WORK TO BE COMPLETED >> Beneath this instruction is a listing; print exactly the lines in it starting at the line that contains "In its iconography, Vairocana" and going through the line that contains "Tento zlacený náhrdelník".

SOURCE MATERIAL >>
------------------------

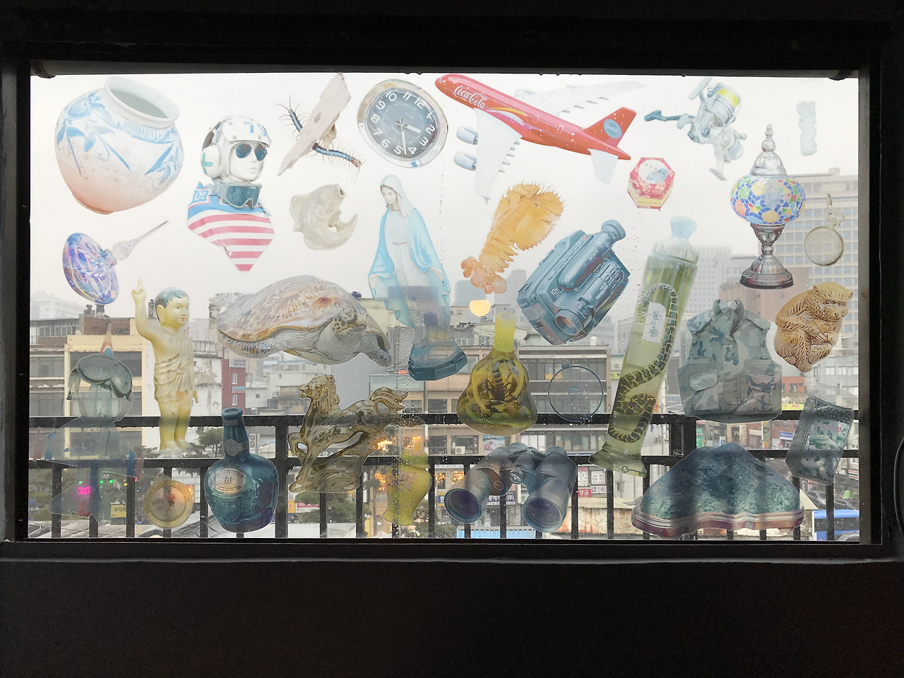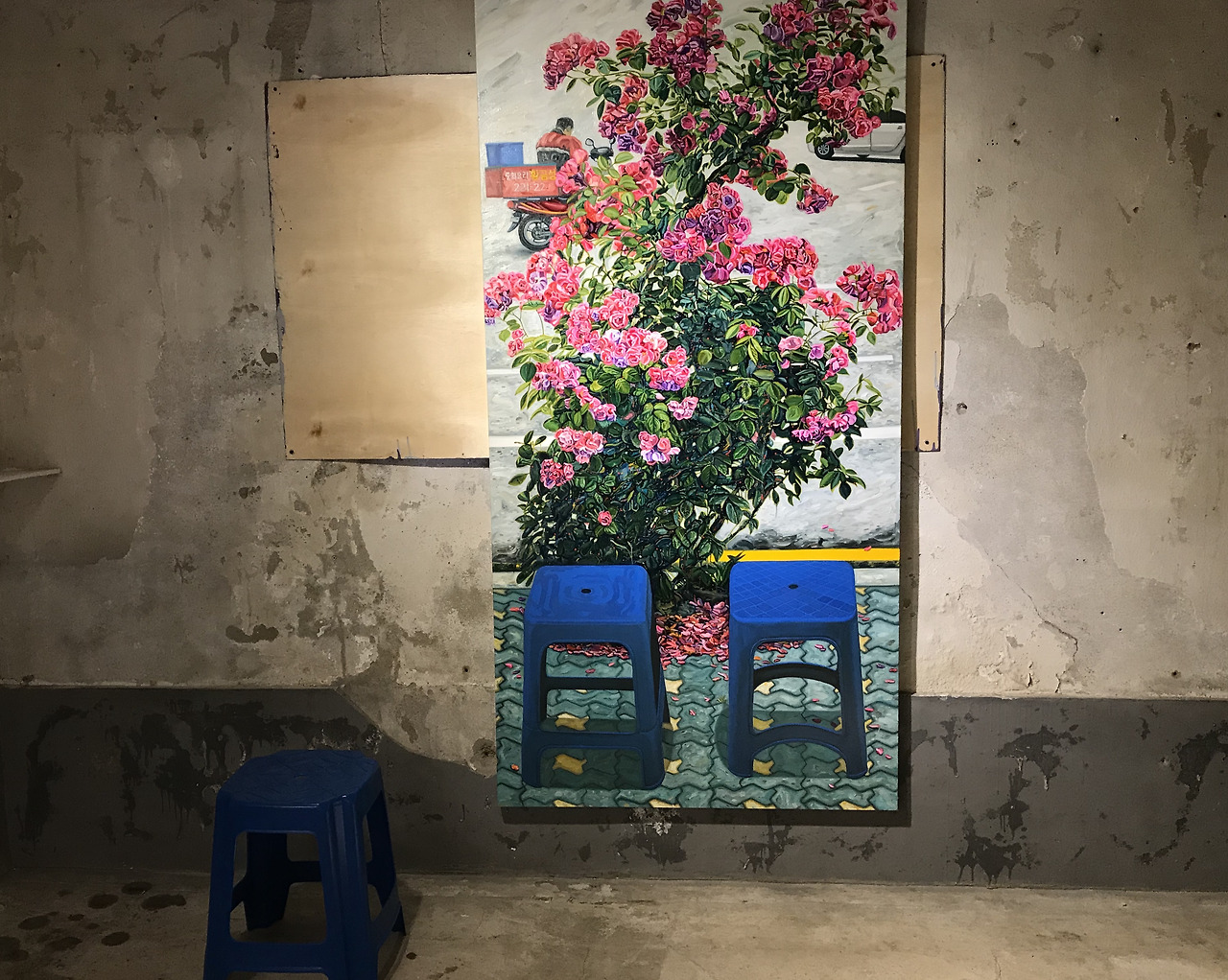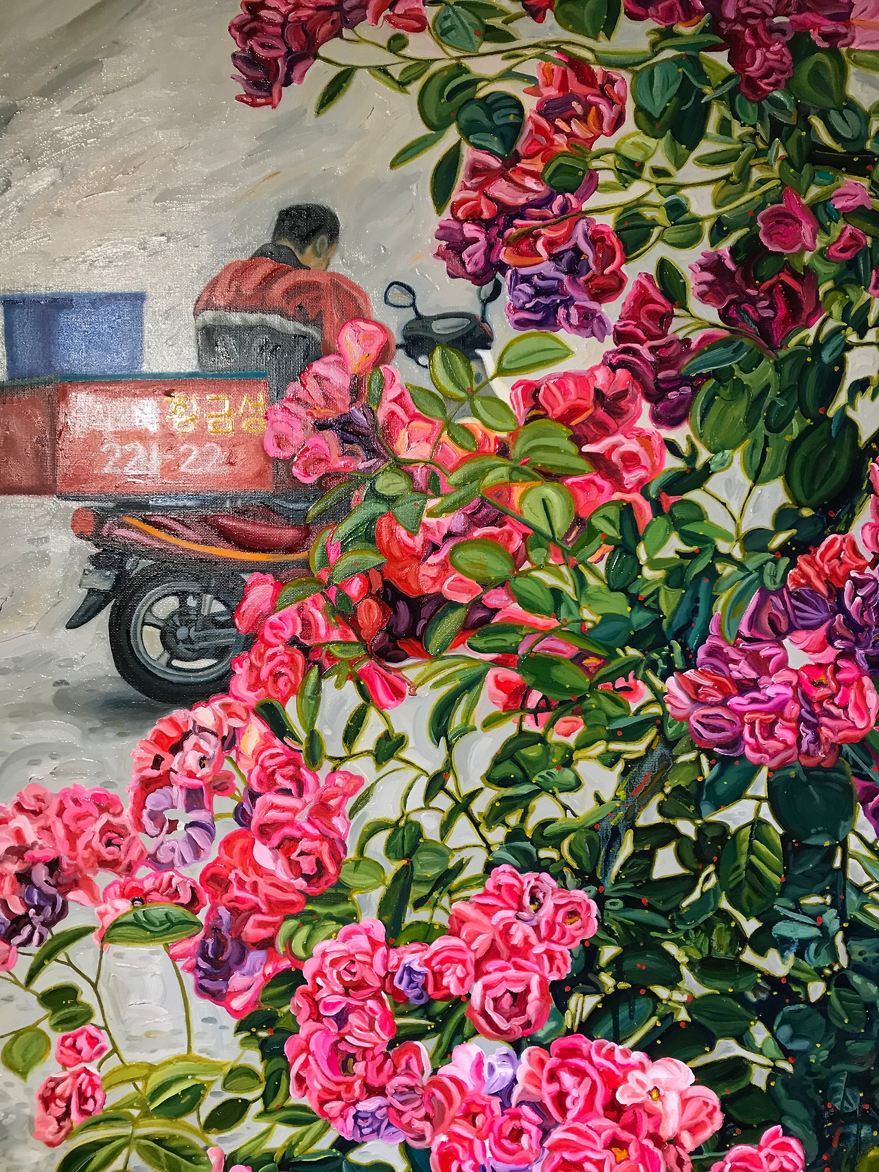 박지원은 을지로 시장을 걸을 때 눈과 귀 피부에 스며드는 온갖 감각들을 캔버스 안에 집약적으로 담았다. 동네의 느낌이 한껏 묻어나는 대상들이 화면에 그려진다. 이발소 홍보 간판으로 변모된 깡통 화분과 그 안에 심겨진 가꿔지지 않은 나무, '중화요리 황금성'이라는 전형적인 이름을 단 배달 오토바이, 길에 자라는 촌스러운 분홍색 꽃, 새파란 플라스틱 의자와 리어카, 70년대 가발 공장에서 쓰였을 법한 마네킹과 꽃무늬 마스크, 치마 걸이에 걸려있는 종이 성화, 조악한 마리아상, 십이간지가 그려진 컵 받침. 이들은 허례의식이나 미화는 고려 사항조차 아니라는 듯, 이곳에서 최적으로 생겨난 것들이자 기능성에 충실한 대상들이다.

------------------------

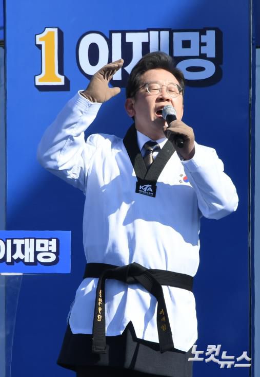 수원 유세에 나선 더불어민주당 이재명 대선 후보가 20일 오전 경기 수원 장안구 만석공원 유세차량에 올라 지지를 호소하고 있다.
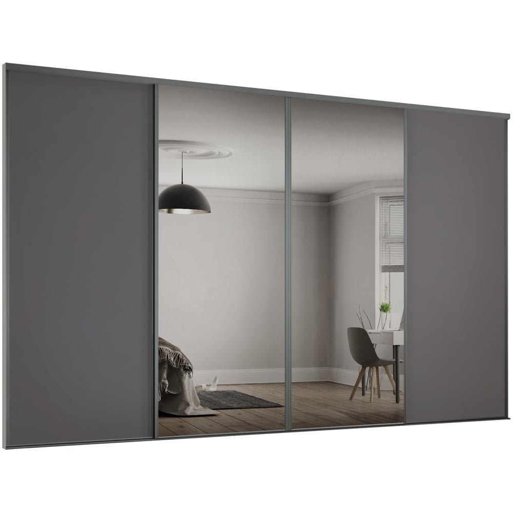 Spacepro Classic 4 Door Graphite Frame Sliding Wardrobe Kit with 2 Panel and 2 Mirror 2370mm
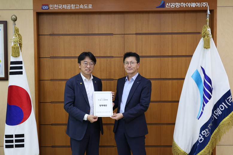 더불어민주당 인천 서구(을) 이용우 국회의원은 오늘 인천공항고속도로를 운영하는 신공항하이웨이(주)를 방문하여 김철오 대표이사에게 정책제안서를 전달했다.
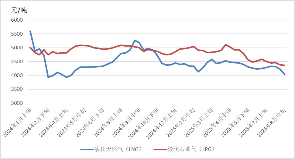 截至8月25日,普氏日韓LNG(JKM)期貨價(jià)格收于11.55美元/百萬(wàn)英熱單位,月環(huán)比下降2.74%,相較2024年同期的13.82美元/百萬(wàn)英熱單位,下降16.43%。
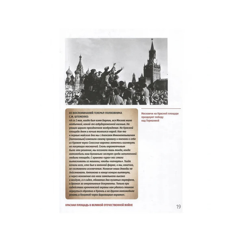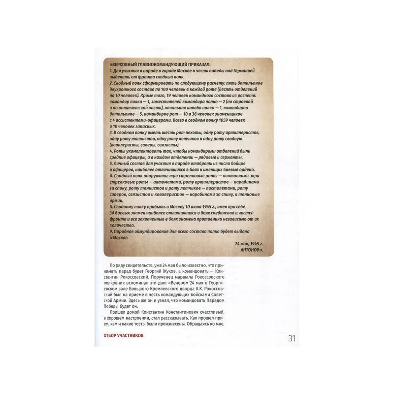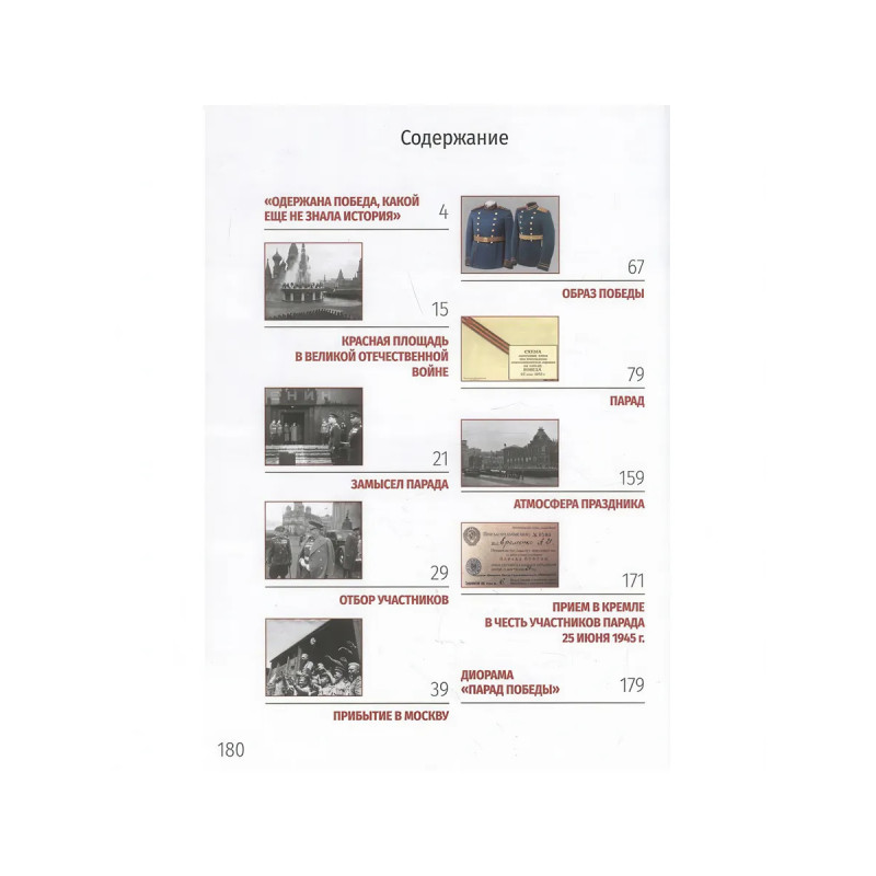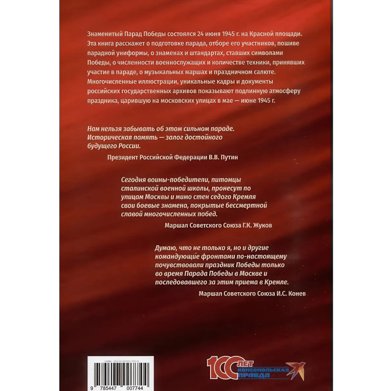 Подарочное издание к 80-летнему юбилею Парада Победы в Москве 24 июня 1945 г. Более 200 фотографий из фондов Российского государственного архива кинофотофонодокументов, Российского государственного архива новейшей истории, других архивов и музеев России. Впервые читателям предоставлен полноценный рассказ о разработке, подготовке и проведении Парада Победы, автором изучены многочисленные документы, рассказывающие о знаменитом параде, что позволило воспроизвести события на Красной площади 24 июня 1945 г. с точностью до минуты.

------------------------

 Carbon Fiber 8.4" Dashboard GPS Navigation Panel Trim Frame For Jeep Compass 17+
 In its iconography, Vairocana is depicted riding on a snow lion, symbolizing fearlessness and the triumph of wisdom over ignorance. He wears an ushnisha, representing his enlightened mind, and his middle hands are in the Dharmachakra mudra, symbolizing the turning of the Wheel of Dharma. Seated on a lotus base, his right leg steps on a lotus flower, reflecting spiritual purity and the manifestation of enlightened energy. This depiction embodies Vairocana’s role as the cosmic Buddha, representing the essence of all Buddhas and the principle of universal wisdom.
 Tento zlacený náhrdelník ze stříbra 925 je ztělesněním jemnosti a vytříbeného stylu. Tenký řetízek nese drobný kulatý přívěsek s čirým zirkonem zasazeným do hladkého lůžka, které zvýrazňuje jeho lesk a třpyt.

------------------------

ANSWER SPACE >>
 In its iconography, Vairocana is depicted riding on a snow lion, symbolizing fearlessness and the triumph of wisdom over ignorance. He wears an ushnisha, representing his enlightened mind, and his middle hands are in the Dharmachakra mudra, symbolizing the turning of the Wheel of Dharma. Seated on a lotus base, his right leg steps on a lotus flower, reflecting spiritual purity and the manifestation of enlightened energy. This depiction embodies Vairocana’s role as the cosmic Buddha, representing the essence of all Buddhas and the principle of universal wisdom.
 Tento zlacený náhrdelník ze stříbra 925 je ztělesněním jemnosti a vytříbeného stylu. Tenký řetízek nese drobný kulatý přívěsek s čirým zirkonem zasazeným do hladkého lůžka, které zvýrazňuje jeho lesk a třpyt.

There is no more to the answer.